Abstract

Cervical carotid artery (cCA) dolichoectasia (DE) is characterized by elongation, tortuosity, and/or dilatation. The prevalence of cCA DE has been reported 13-31% in population-based and 14-58% in hospital-based studies. The exact mechanisms of this aberrant arterial remodeling are unknown. Although atherosclerosis has often been implicated, the evidence has conflicting results that would support atherosclerosis as the underlying pathology. Actually, other nonatherosclerotic mechanisms related to connective tissue remodeling may play a role. Such mechanism is supported by epidemiological evidence that cCA DE is associated with carotid dissections. Similarly, cCA DE has been associated with vascular risk factors, but inconsistently. Fewer studies have evaluated the risk of vascular events in people with cCA DE. Cross-sectionally, cCA DE is associated with cerebrovascular disease, including white matter hyperintensities, lacunar stroke, and stroke overall. The often-conflicting results may in part be due to the heterogeneity of the population studies and variable definitions used. Preferential use of objective measure of cCA DE, such as carotid length, is advisable, and may help comparing result among different studies.

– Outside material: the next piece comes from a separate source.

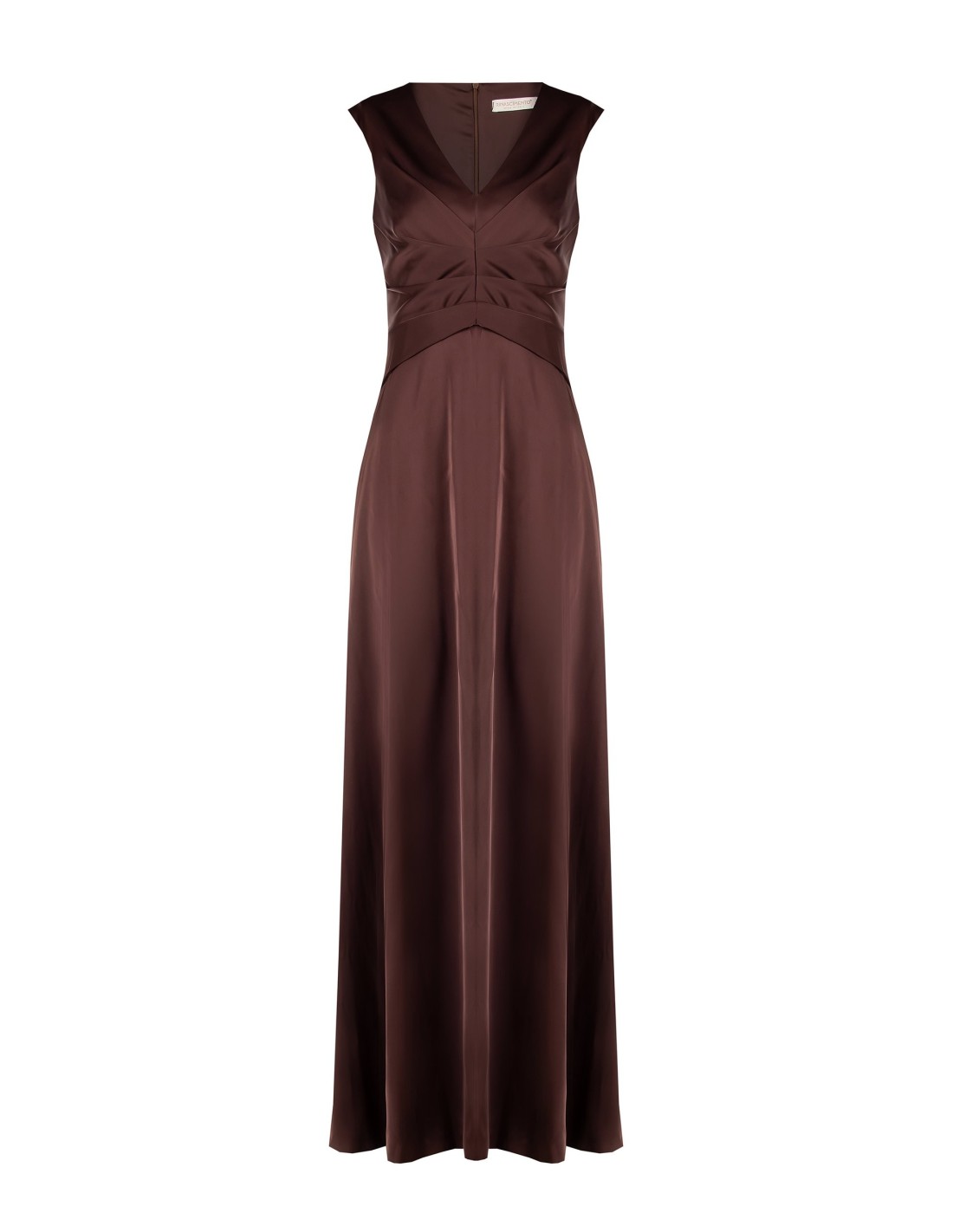 Rinascimento assina um comprimento longo com uma linha esguia. Cetim suave e leve, macio contra a pele, com franzidos que definem a cintura e um decote em V que realça o decote. Fecho invisível nas costas. Perfeito para cerimónias, festas e noites especiais, garante conforto e uma silhueta elegante.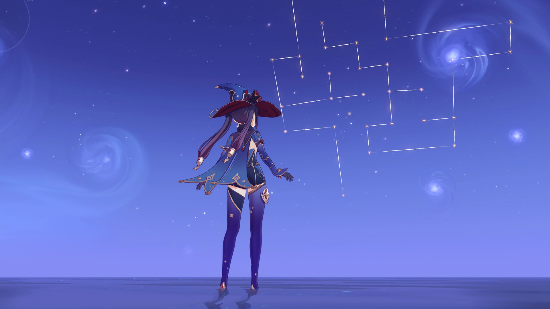 To solve the Astral Puzzle, you need to recreate the image in the sky. If you hit a blue orb, it will connect to another orb, thus drawing a line. In short, the orbs in the triangle need to point to each other, and the outer three need to point inwards. If you need more guidance, use our detailed guide on how to solve the Genshin Impact Astral Puzzles.

Prospectively, people with cCA DE have a higher risk of vascular events, although it is uncertain if the risk of stroke is also higher in this population. In the absence of alternative stroke etiologies, stroke patients with cCA DE should be considered to have had a cryptogenic stroke and treated with daily antiplatelet therapy. Further population-based studies are needed to clarify whether specific therapies may be implement to reduce the risk of events among people with cCA DE.